Extracted both CSI phase and amplitude information. Most of the CSI-based sensing methods are used to leverage CSI amplitude information. Just a few previous studies used CSI phase information because the Intel 5300 NICs provided randomly distributed phase information that are always unstable. Therefore, exploiting full phase information might result in improvement of the CSI sensing mechanism to detect more complicated activities.

Environment changes. Both CSI and RSSI characteristics are not the same for different environments and different people. In indoor environments, wireless signals propagate through multiple paths, such as furniture, floors, and roofs. Therefore, the results of testing a WiFi-based sensing system in an environment may differ in another environment, and, in each new environment, the system classifier needs to be trained again. Moreover, in the presence of a human in the indoor environment, the signal path will experience more fluctuations. Accordingly, different human bodies will cause different variations in the received signals at the receiver. To build a robust Wi-Fi sensing system, environment changes, and different human user bodies and shapes should be considered carefully.

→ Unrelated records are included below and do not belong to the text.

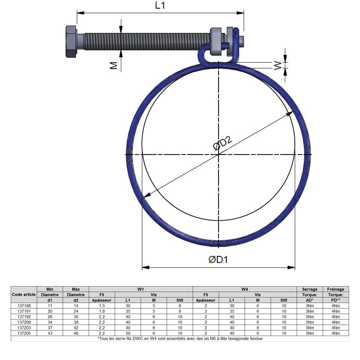 COLLIER DE SERRAGE FIL ACIER
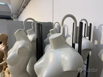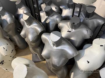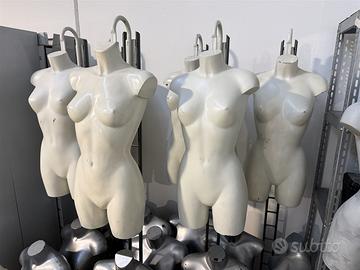 Disponibili diversi manichini da donna sia completi di base e struttura in ferro, sia solo busti. Condizioni: usati, alcuni con segni di usura/vernice, altri in buono stato. Prezzi : - Manichini solo busto = 50 iva compresa cadauno. - Manichini bianchi con struttura in ferro = 110 iva compresa cadauno. - Manichini grigi di ottima qualit = 130 iva compresa cadauno.
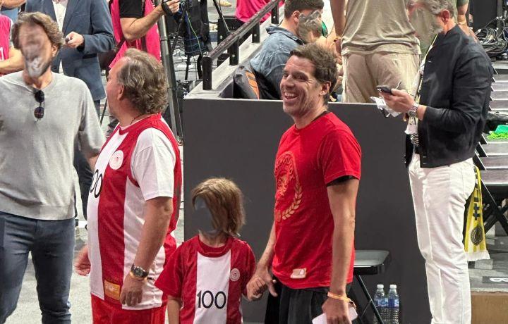 Εκεί βρίσκεται και ο άλλοτε αθλητικός διευθυντής της ΠΑΕ Ολυμπιακός, Δημήτρης Θεοδωρίδης, γιος του αείμνηστου Σάββα Θεοδωρίδη, μαζί με τον μικρό του γιο Σάββα με τον οποίο βρέθηκαν από νωρίς στην Etihad Arena.
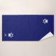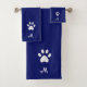 Pata mascota y monograma sobre conjunto de toallas de baño azul marino. Elegante y sencillo diseño para los amantes de las mascotas.
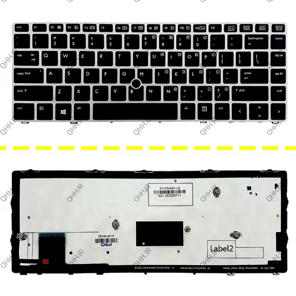 کیبرد لپ تاپ اچ پی EliteBook Folio 9470M مشکی-با موس و بک لایت-با فریم نقره ای
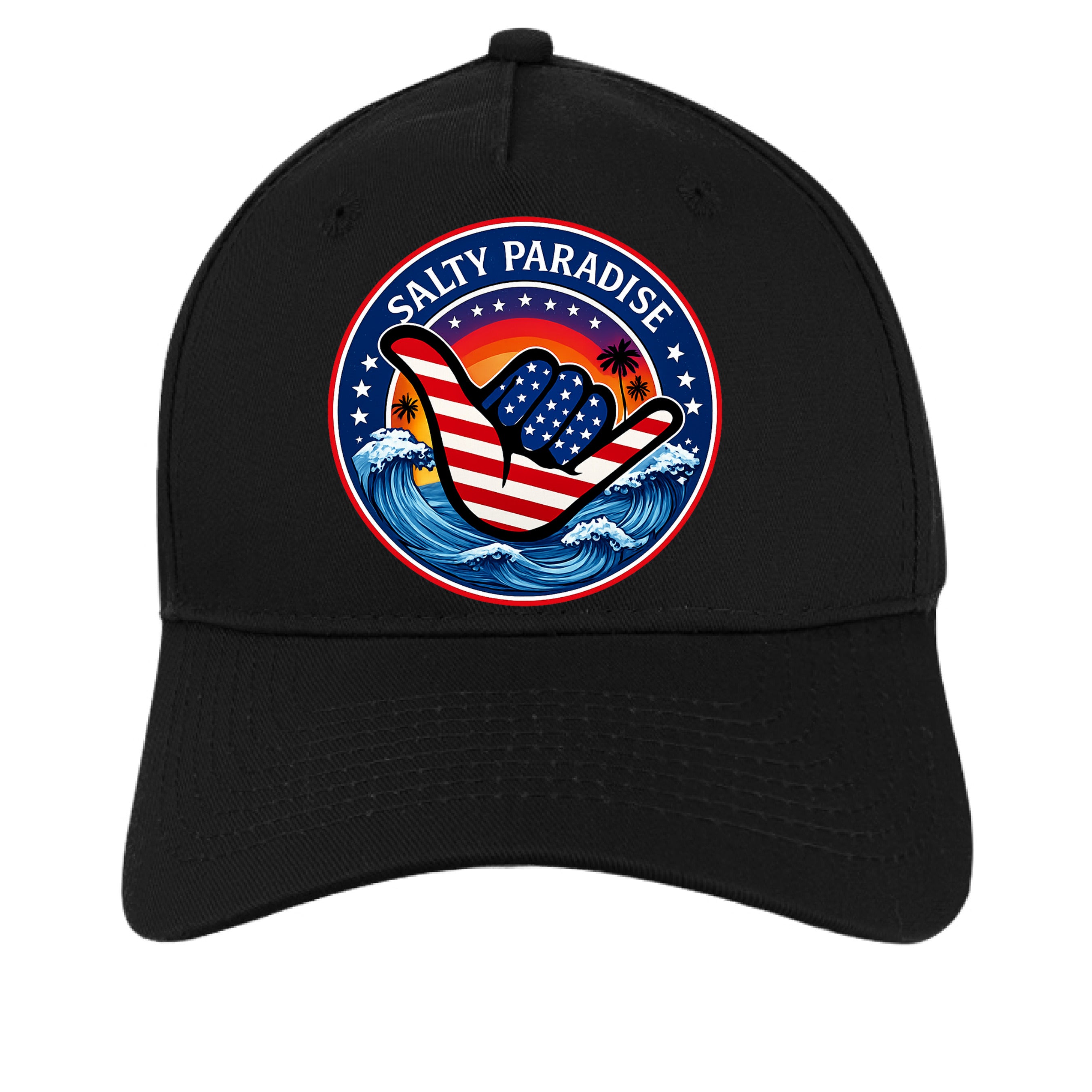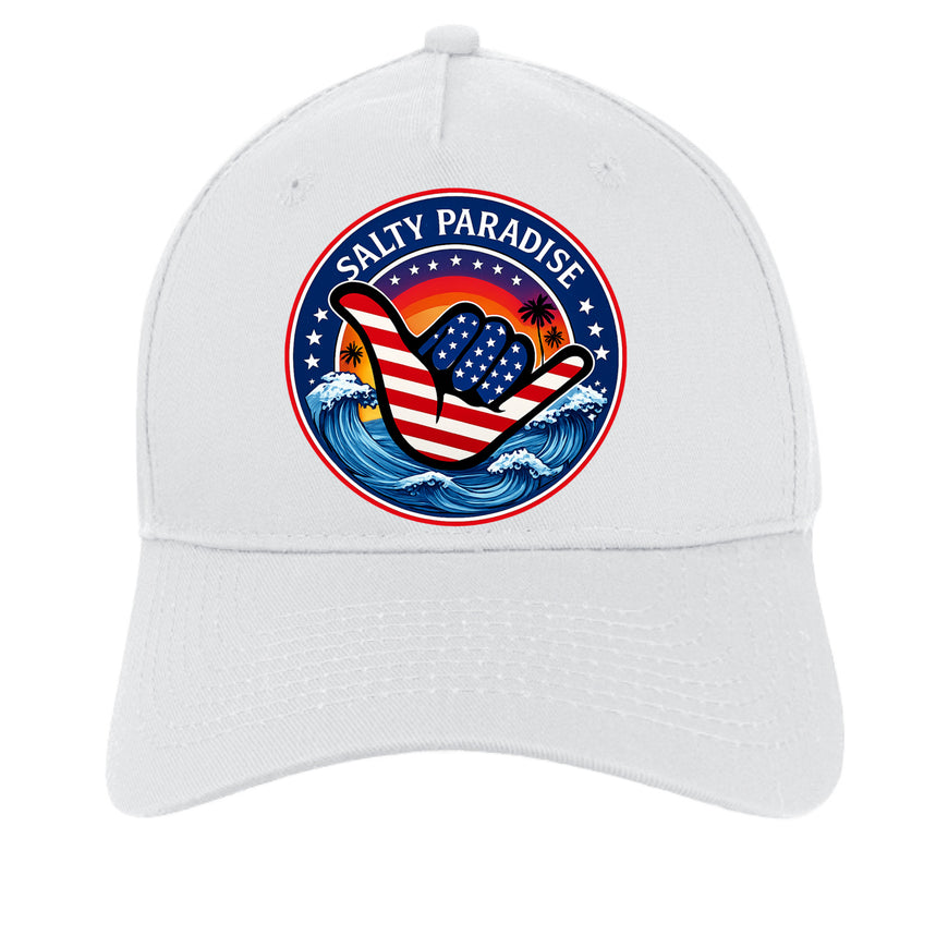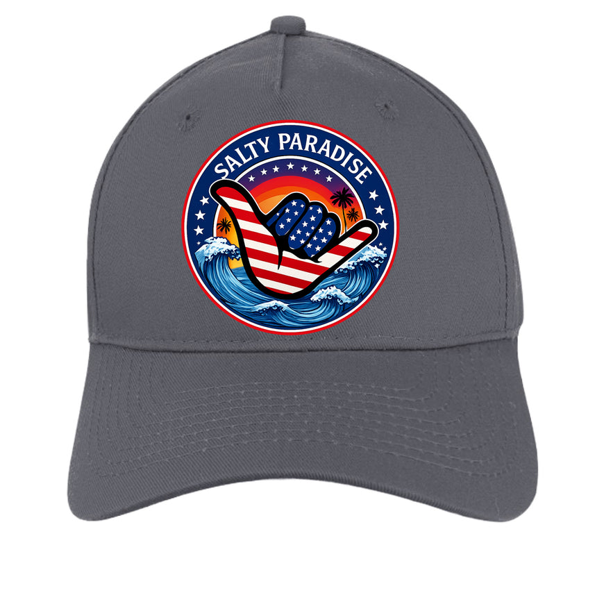 Salty Paradise American Flag Shaka Cap Port & Company ® Five-Panel Twill Cap. CP86

Hybrid sensing methods. As already discussed in previous sections, different techniques have different limitations; body sensors attached to the user’s body may be used to solve some limitations of current Wi-Fi sensing systems. Therefore, combining body sensors or smartphones with device-free Wi-Fi-based methods into hybrid sensing technologies needs to be addressed in future work. The first simple attempt to combine CSI and wearable devices was presented in [158]. Moreover, CSI can play an important role in the IoT; therefore, hybrid methods to apply CSI in multimedia communications and IoT applications [159,160,161,162] can be addressed. Furthermore, Wireless Sensor Network (WSN) schemes [163,164,165] can be studied.

6. Conclusions

In recent years, the recognition of human activities has gained a lot of attention in context-aware research community. Among the areas of its potential applications include Human–Computer Interaction (HCI), surveillance, eldercare, patient monitoring, games, and smart environments. Recently, device-free Wi-Fi-based sensing mechanisms have been presented as the future HAR technology. The device-free mechanisms depend only on Wi-Fi signals; the target object neither requires wearing nor carrying special devices nor is it monitored by particular devices. The Wi-Fi CSI-based sensing mechanism has attracted more attention during the past decade. Although device-free CSI-based sensing techniques have been applied in different sensing applications such as indoor localization, motion detection, and activity recognition, there are still some challenges that need to be addressed. There is a dire need of building reliable CSI-based sensing systems that can effectively track human motion in more complex scenarios. Therefore, by applying more solutions to the current challenges, we believe that the Wi-Fi CSI-based sensing techniques can be considered as the future backbone of HCI.